Wes Anderson is zo’n regisseur waarbij je na het zien van één enkele ‘still’ al weet dat het werk van zijn hand afkomstig is. De typisch gestileerde decors en de gortdroge humor, ze vallen zeker niet bij iedereen in de smaak. Films van Anderson moet je leren kijken. Omdat hij in zijn nieuwste werk The Grand Budapest Hotel kiest voor een iets commerciëlere insteek, is dit Anderson’s meest toegankelijke film tot nu toe. Voor zowel de liefhebbers als dus ook voor de ‘first timers’ een hilarisch blij vlagen zelfs cartoonesk werk van de stijlgrootmeester. Een film vol cameos, bizarre situaties en amusante passages.
The Grand Budapest Hotel draait om de rijke en enigszins treurige geschiedenis van het gelijknamige hotel. Een hotel dat in verval is geraakt, maar in de gloriedagen het episch centrum was van het niet bestaande, Oostblok ogende, landje Zubrovska in het Europa van voor de Tweede Wereldoorlog. De vroegere Lobby Boy (F. Murray Abraham) vertelt in het uitgestorven hotel-restaurant zijn levensverhaal aan een jonge schrijver (Jude Law).

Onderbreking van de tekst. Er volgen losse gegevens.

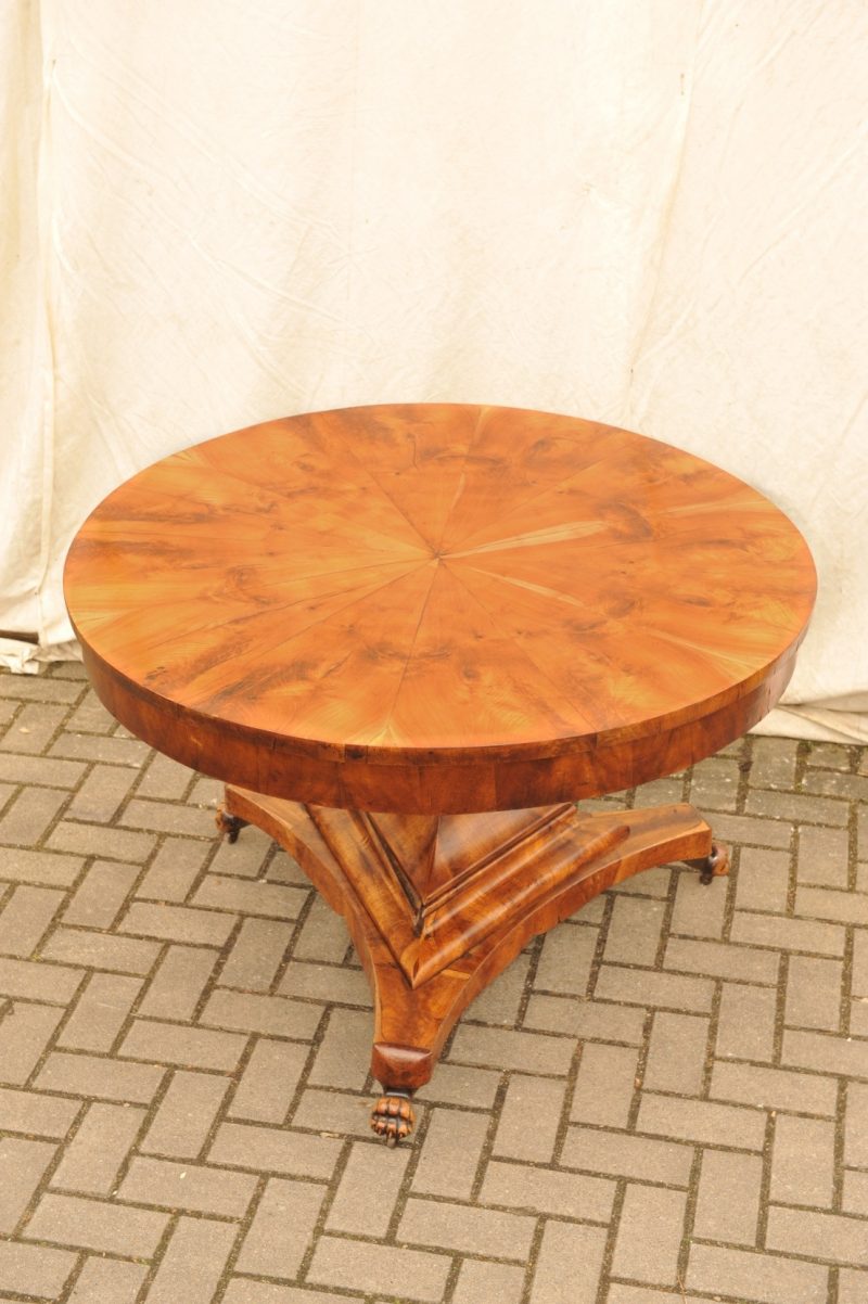 großer runder Biedermeier Tisch von 1820, Kirsche, mit aufrecht furniertem breiten Zargenreif und überkragender Platte, sternförmig furniert. Außergewöhnlicher exklusiver Unterbau: die getreppte dreipassig eingebogene Fußplatte mit Tatzenfüßen entwickelt sich nach oben als kühne dreispitzige Balustersäule. Teilrestaurierter Zustand, keine Furnierschäden, grundierte Oberfläche. Preis restauriert und handpoliert: 3800 Euro
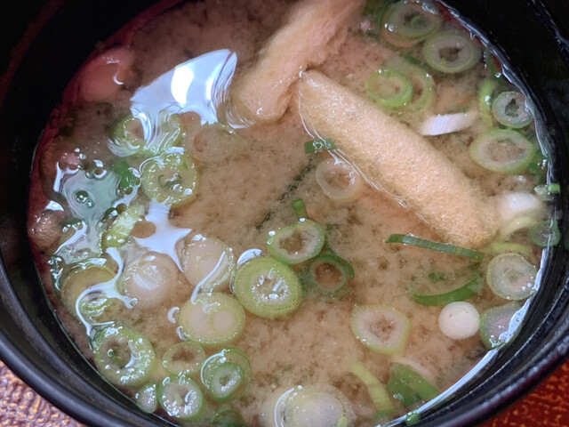 お味噌ネギ、わかめ、油揚げの白味噌でシンプルですがこちらも普通に美味しいです。

We gaan terug naar de tijd dat de jonge Zero Moustafa (Tony Revolori) als Lobby Boy zijn eerste stappen in het hotel zet en kennis maakt met de perfectionistische en licht gerontofiele hotelconciërge Monsieur Gustave H. (Ralph Fiennes). Bij Monsieur Gustave is de klant koning. En dat de klant koning is gaat, vooral bij de vrouwelijke bejaarden, tot tussen de lakens. Daar is niets vreemds aan want “I have sex with all my friends”, zo is de bescheiden mening van Monsieur Gustave.